This is one of those situations where what is theoretically true, and what is true in practice can be quite different. I'll try to give an example.
Let's suppose we have centered ant standardized both $X$ and $y$ so that:
- The predictor covariance is $\Sigma = X^{t} X$.
- The intercept estimate is $\beta_0 = 0$.
I'll focus on the case of a linear regression, and try to say something about general glm's at the end. I'll also assume we have two predictors, because it captures all the essential points of the situation.
The solution parameter estimates for a linear model satisfy the equation
$$ X^t X \beta = X^t y $$
which under our assumptions, can be written as
$$ \Sigma \beta = X^t y $$
On the right hand side, are simply taking the dot product of the response vector $y$ with $X$, so we can write
$$ X^t y = \left( \begin{array}{c} cov(X_1, y) \\ cov(X_2, y) \end{array} \right) $$
On the left hand side, we get
$$ \Sigma \beta = \left( \begin{array}{c} \beta_1 + cov(X_1, X_2) \beta_2 \\ cov(X_1, X_2) \beta_1 + \beta_2 \end{array} \right) $$
So the system of equations is
$$ \beta_1 + cov(X_1, X_2) \beta_2 = cov(X_1, y) $$
$$ cov(X_1, X_2) \beta_1 + \beta_2 = cov(X_2, y) $$
As a sanity check, if the predictors are uncorrelated, we get
$$ \beta_1 = cov(X_1, y) $$
$$ \beta_2 = cov(X_2, y) $$
which is intuitive.
So, now, what if the predictors are corellated? Then we can solve by multiplying the bottom equation through by $cov(X_1, X_2)$ to get
$$cov(X_1, X_2)^2 \beta_1 + cov(X_1, X_2) \beta_2 = cov(X_1, X_2) cov(X_2, y) $$
And then subtracting from the top equation cancels out the $\beta_2$'s
$$(1 - cov(X_1, X_2)^2) \beta_1 = cov(X_1, y) - cov(X_1, X_2) cov(X_2, y) $$
Which can be solved for $\beta_1$
$$\beta_1 = \frac{cov(X_1, y) - cov(X_1, X_2) cov(X_2, y)}{(1 - cov(X_1, X_2)^2) } $$
So what do we see here?
- The numerator is what you would get naively, if you first regressed $Y$ on $X_2$, and then regressed $X_1$ on the residual.

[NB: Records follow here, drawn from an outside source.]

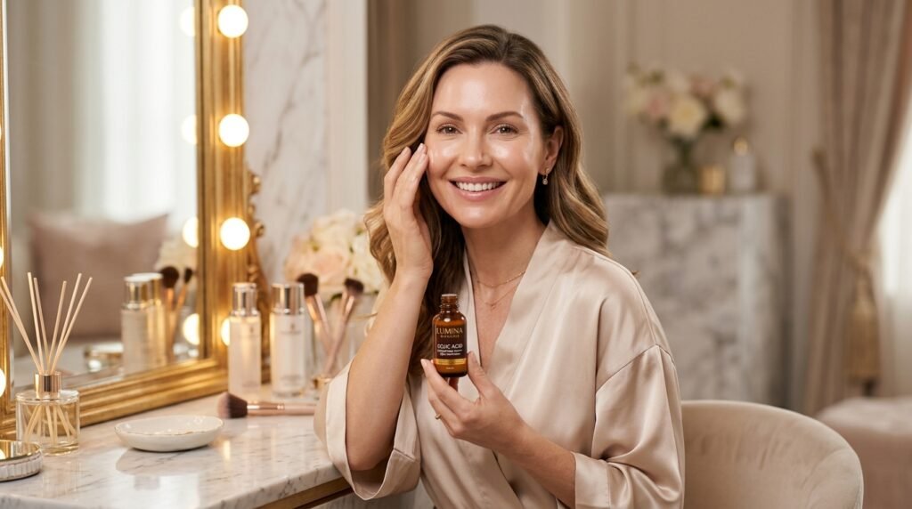 Kojic acid, which comes from fermented Japanese rice wine, effectively dissolves melanin clusters that produce age spots. The product serves as a fundamental component in skin brightening products which deliver a flawless porcelain finish to the complexion.
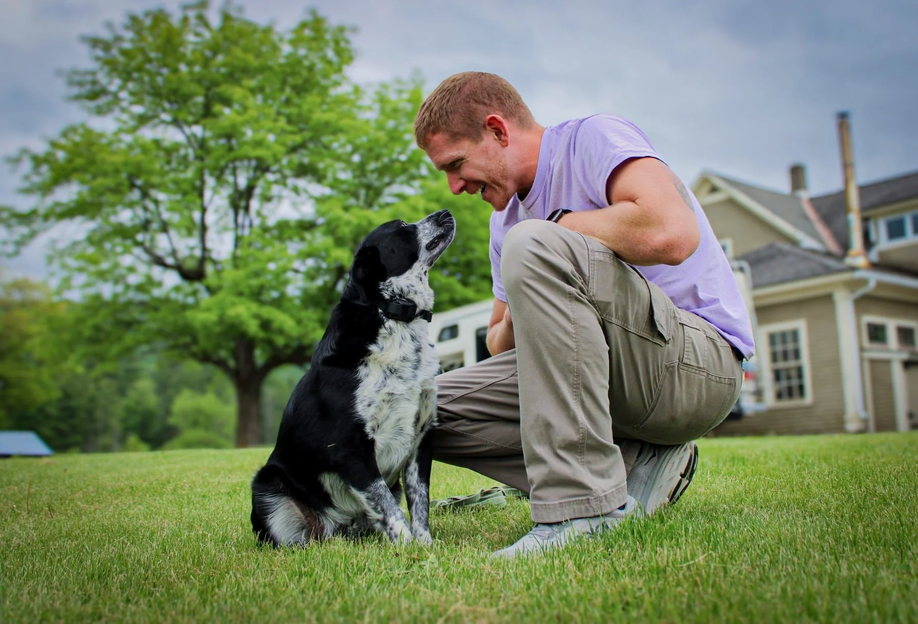 Professionally, Kyle has devoted over a decade to providing care and compassion at RRMC to individuals struggling with emotional dysregulation and altered beliefs of the world. This work made Kyle skilled at thinking on his feet, problem solving, diffusing tension, side-stepping crisis situations, setting clear boundaries, meeting individuals where they are, responding to aggressive and combative behaviors with the level of emotional control and physical technique needed to maintain safety for all parties involved. Kyle enjoyed the day-to-day unpredictability of the work and the critical thinking required to build trust, consistency, and a working relationship. Wanting to seek a career that would better allow for family time, Kyle set out to see whether a life spent training dogs would offer him more balance and fulfillment out of life.
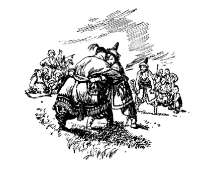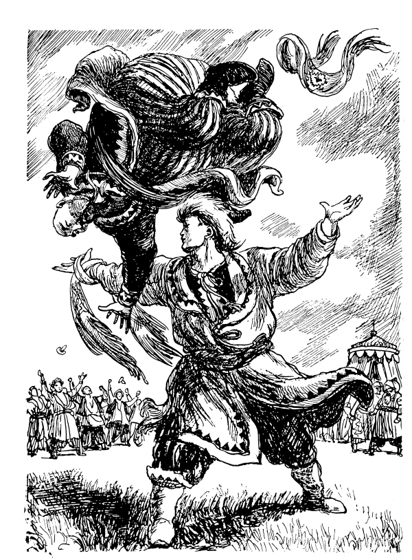 Вот они вышли в круг, сошлись и стали бороться. Обхватил царь молодого батыра обеими руками и хотел ударить его оземь. Но Акъял-батыр вывернулся, приподнял царя, подбросил его кверху высоко-высоко, а потом подхватил на лету и поставил на землю.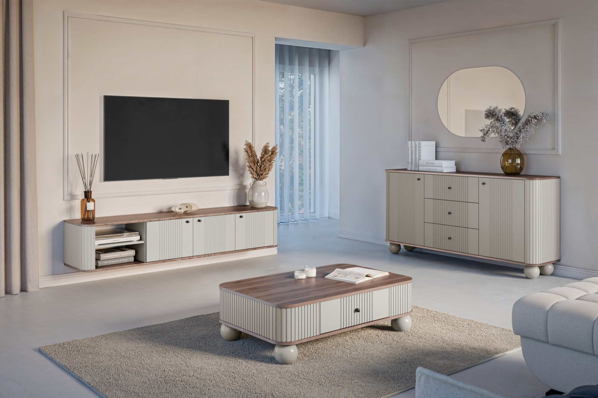 Szafka RTV wisząca Vesper 3D 187 cm - kaszmir / orzech / czarne uchwyty, Szerokość: 187, Wysokość: 36, Głębokość: 38, Wysokość nóżek: , Głębokość blatu: , Montaż: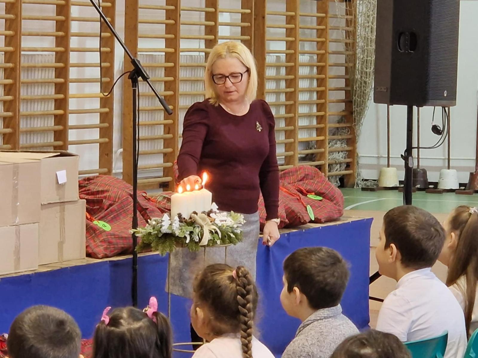 2025. december 19- én reggel Pető András baptista lelkész gondolataival indult a téli szünet előtti utolsó tanítási nap. Majd meggyújtottuk az iskola adventi koszorúján a negyedik gyertyát, mely a szeretet jelképe. A közös éneklés után, minden osztály átvehette Szilágyiné Bodnár Erzsébet főigazgatónőtől az iskola Jézuskájának ajándékát.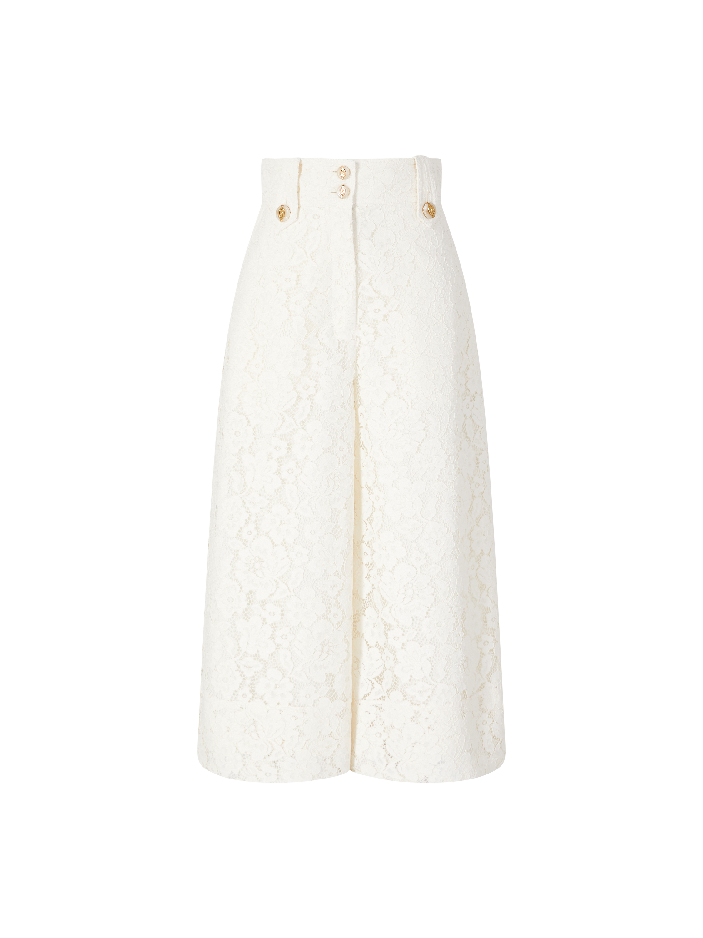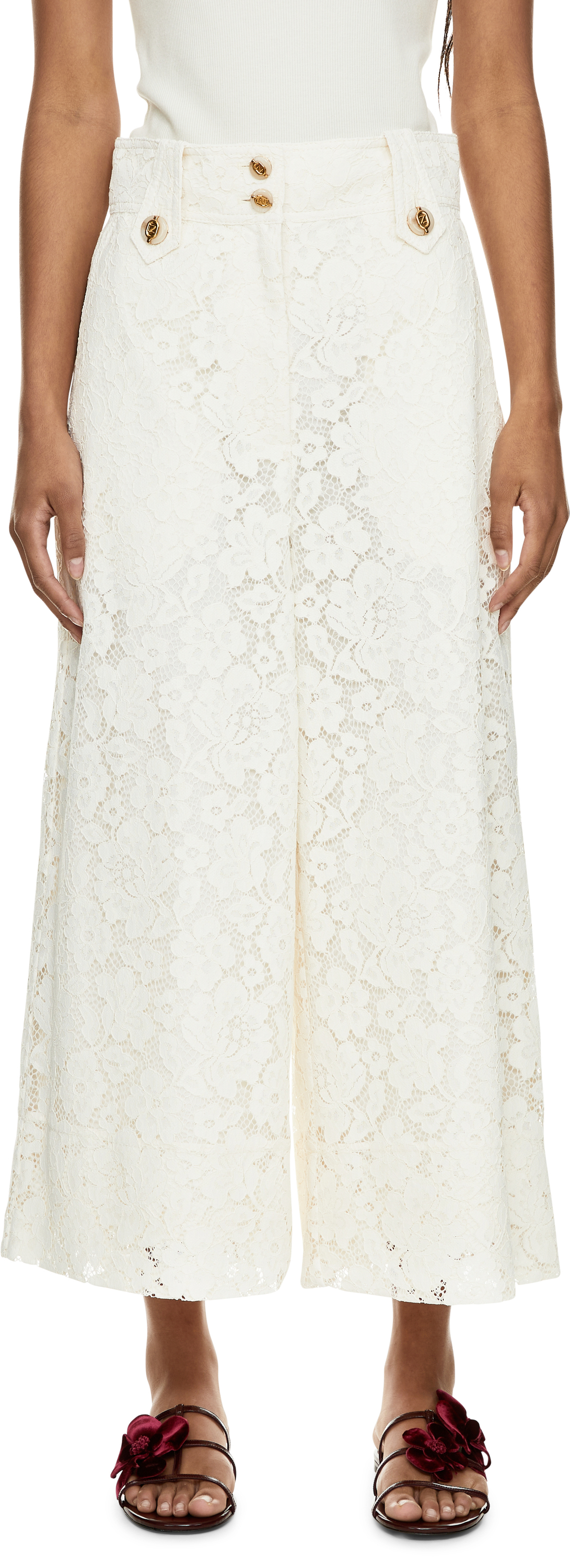 Die Hose 'Luna Lace' in Crème von Zimmermann wurde aus Polyester gefertigt und besticht durch die florale Spitze. Die klassische Culotte ist wadenlang geschnitten und zeichnet sich durch weite Beine aus. Geknöpfte Gürtelschlaufen mit goldfarbenen Brand-Details setzen elegante Akzente, während Knopf- und Reißverschluss sowie seitliche Eingrifftaschen den Tragekomfort ergänzen. Ein Baumwollfutter sorgt für angenehmes Hautgefühl.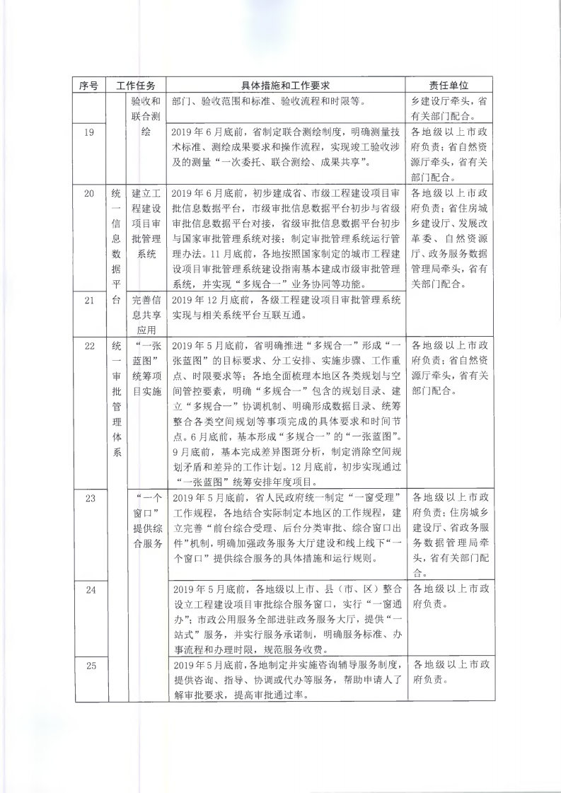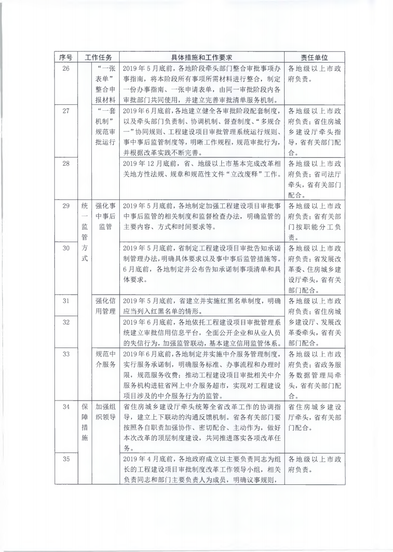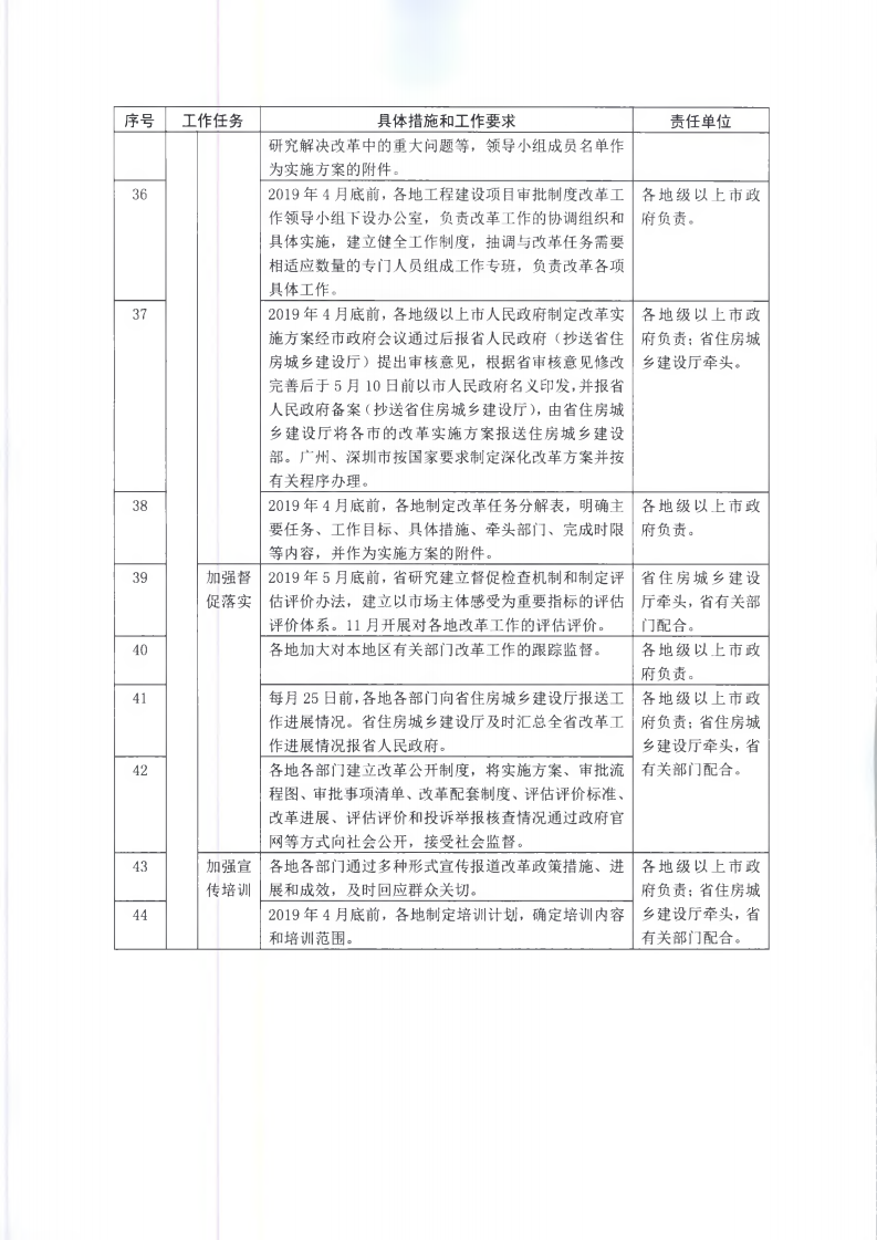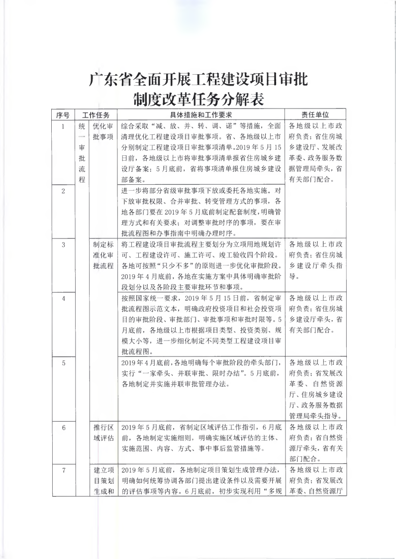 為貫徹落實《國務院辦公廳關于全面開展工程建設項目審批制度改革的實施意見》(國辦發(fā)〔2019〕11號)和《廣東省人民政府關于印發(fā)廣東省全面開展工程建設項目審批制度改革實施方案的通知》(粵府〔2019〕49號)要求,經(jīng)省人民政府同意,現(xiàn)將《廣東省全面開展工程建設項目審批制度改革任務分解表》印發(fā)給你們,請認真組織實施。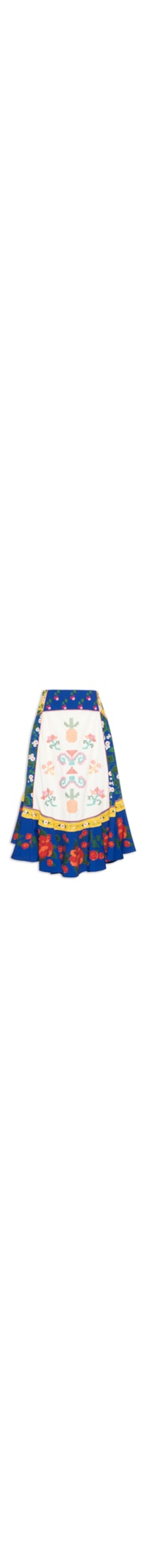 A saia azul é confeccionada em tecido leve sem elasticidade. A peça solta ao corpo, possui cintura alta, recortes frontais e posteriores com vivo rosa aplicado, recorte frontal e posterior em cor contrastante com mix de bordados figurativos em ponto cruz de cores contrastantes, mix de estampas florais em cores contrastantes, barra arredondada, comprimento midi e fechamento lateral por zíper invisível.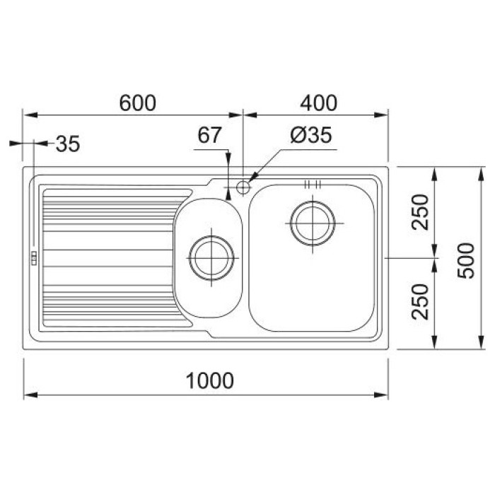 Мийка кухонна Franke Logica, нерж.сталь, прямокутник, з крилом, 1000х500х180мм, чаша - 1,5, врізна, line LLL 651, нерж декор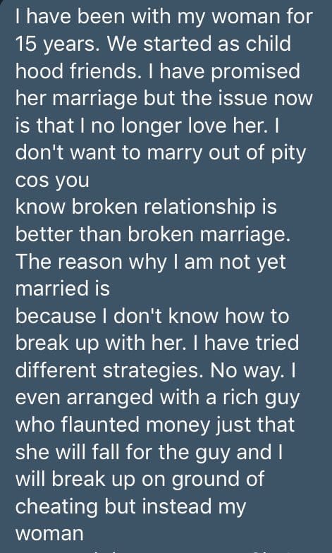 Sharing his story on Twitter, he wrote; “I have been with my woman for 15 years. We started as childhood friends. I have promised her marriage but the issue now is that I no longer love her. I don’t want to marry out of pity cos you know broken relationship is better than a broken marriage.

- The denominator is the "correction" to the above procedure. If you follow the step-by-step procedure from the first bullet point, it seems you are under-explaining the variance in $Y$ due to $X_1$ and $X_2$. This makes sense, because you have ignored the additional variance due to the fact that $X_1$ and $X_2$ tend to move together.
- If $X_1$ and $X_2$ are tightly correlated, then the denominator is close to zero. This means that any errors in estimation of $cov(X_1, X_2)$ get magnified in the final coefficient estimates. This explains why parameter estimates can be so unstable in high correlation situations.
An analysis on a general glm is much harder to work through, but I'll mention one thing. The glm fitting algorithm reduces to a repeated application of the linear fitting algorithm (using newton's method, this is usually called iteratively re-weighted least squares. The same considerations will hold at each step of that procedure, so you can see how the same general phenomena will be true for the final estimates as well.